Provision of rehabilitation care has a long tradition in Norway. The approach to rehabilitation has evolved from a narrow (medical) focus on restoring lost functions to a more comprehensive approach incorporating nonmedical (e.g. social, economic) factors and involving comprehensive cooperation between several sectors and areas of care. In May 2018 the amendment of the “Regulation for habilitation/rehabilitation, individual plan and co-ordinator” changed the definition of habilitation and rehabilitation and centred it more on the patient. According to this regulation, rehabilitation (and habilitation) should be based on the life situation and goals of the individual patient who has or is at risk of impaired physical, mental, cognitive or social ability and give them the opportunity to achieve optimal functional ability, sense of life achievement, independence and participation in education and work, on a personal and societal level. It should comprise targeted processes in a range of settings, with cooperation between patients, next of kin and service providers. Processes should be coordinated, continuous and knowledge-based.
Rehabilitation is provided at both primary (physiotherapy, occupational therapy, etc.) and secondary (specialized rehabilitation) levels. As in other countries, Norway has in the last two decades also developed some intermediate rehabilitation services based on shared care between specialized and primary health care.
Primary care rehabilitation is provided in the community – in patients’ homes, schools and institutions run by the municipalities (e.g. nursing homes). Services are provided by medical doctors, physiotherapists, nurses and midwives. Primary care rehabilitation is available for somatic as well as psychiatric patients and can be accessed through a referral from a primary care physician.
Secondary rehabilitation services are provided in hospitals in dedicated rehabilitation departments or other units, such as rheumatology or neurology departments. Rehabilitation, especially postoperative rehabilitation, may also be provided in private rehabilitation institutions contracted by the RHAs; this is free of charge if the patient is referred by a GP or a hospital. Rehabilitation services for patients with specific conditions are also available in specialist hospitals (e.g. children’s hospitals treating pulmonary conditions, asthma and allergy) and competence centres (e.g. competence centres for rare diseases). Since 2017 patients have been able to choose to receive rehabilitation services outside their RHA, but most patients (97%) receive rehabilitation within their own RHA. The exception is the Northern Norway RHA, where the respective share is 92%.
Municipalities as well as RHAs are jointly responsible for coordinating rehabilitation services. This is done through designated “coordination units”. The units facilitate cooperation between health care providers and the NAV and its local offices and user organizations.
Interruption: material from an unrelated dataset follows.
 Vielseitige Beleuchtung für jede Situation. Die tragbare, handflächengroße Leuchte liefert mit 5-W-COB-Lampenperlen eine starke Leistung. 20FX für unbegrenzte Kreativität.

Coordination activities include registration of rehabilitation needs; designing and following individual holistic (ensuring interdisciplinary approaches) rehabilitation plans; and initiating, administering and monitoring multidisciplinary rehabilitation teams, which constitute the core of cooperation between different service providers.
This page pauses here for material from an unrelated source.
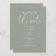Cette élégante invitation verte saute la date peut être personnalisée avec vos informations dans la typographie chic avec votre code QR de site mariage et les détails sur l'inverse. Conçu par Thisisnotme©

In 2017, 54 000 patients received rehabilitation services from the specialist health service and 14 000 patients received rehabilitation in the municipalities (Norwegian Directorate of Health, 2018d). Institutional rehabilitation within the municipalities is usually provided to older patients (85% of patients in 2017 were aged 70+) (Mørk et al., 2018). In 2017 over 27 870 patients received rehabilitation care in hospitals, nearly 50% of them as outpatients or day-care patients (Norwegian Directorate of Health, 2018d). Almost as many patients (27 393) received treatment in private institutions (mainly in an inpatient setting). The average length of stay was about three weeks.
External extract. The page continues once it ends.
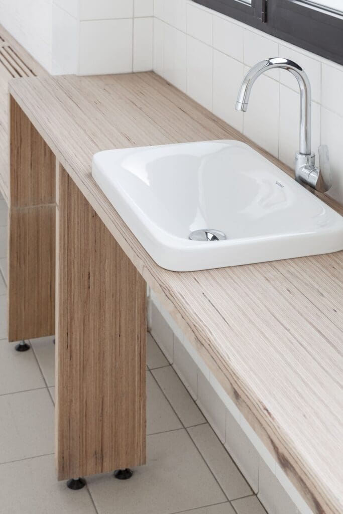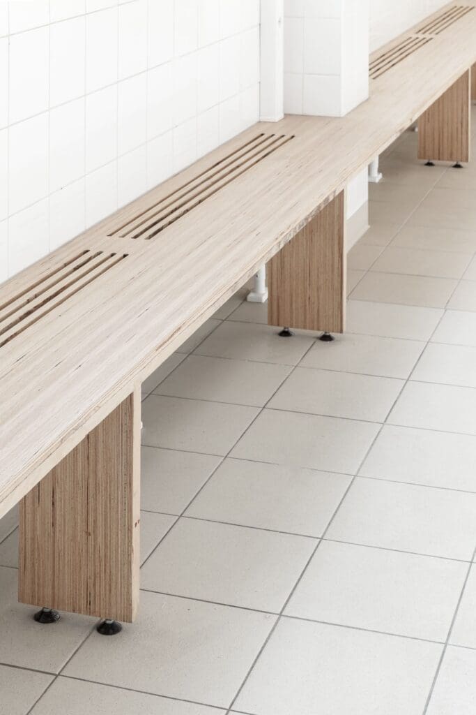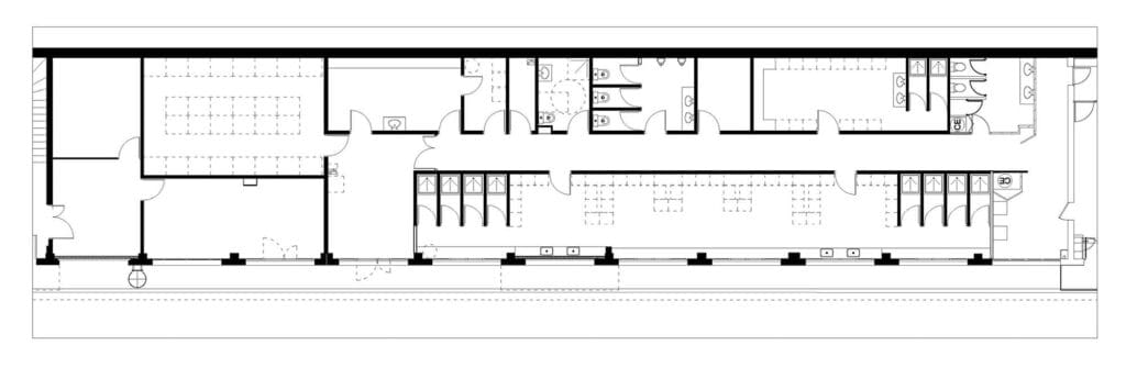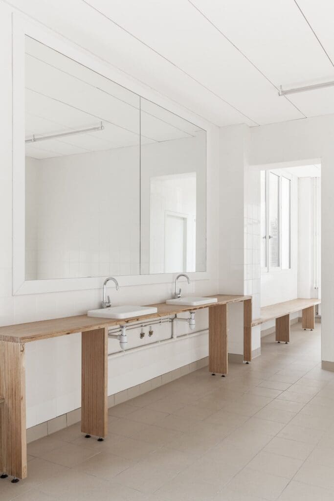 Le vestiaire principal se développe le long de la façade sur cour. Conçu pour accueillir 42 personnes, il tire parti d’un éclairement naturel abondant et accentue sa longueur par des rythmes dans le calepinage des carrelages et du plafond blancs, ou dans l’implantation à venir des casiers. Un grand miroir, dans leur prolongement, imite les vastes fenêtres longées d’une banquette menuisées laissant place à des lavabos. Aux deux extrémités du vestiaire, une série de douches allonge encore la perspective.

According to the Action plan for habilitation and rehabilitation for 2017–2019, there are several challenges within the rehabilitation sector (Norwegian Ministry of Health and Care Services, 2017b). The key challenges are: ensuring sufficient resources to allow the maintenance of an adequate capacity of rehabilitation care; development of individual rehabilitation programmes in a way that provides equitable access to services; ensuring sufficient cross-sectoral cooperation and coordination across administrative levels and professional groups; and eliciting the active participation of users.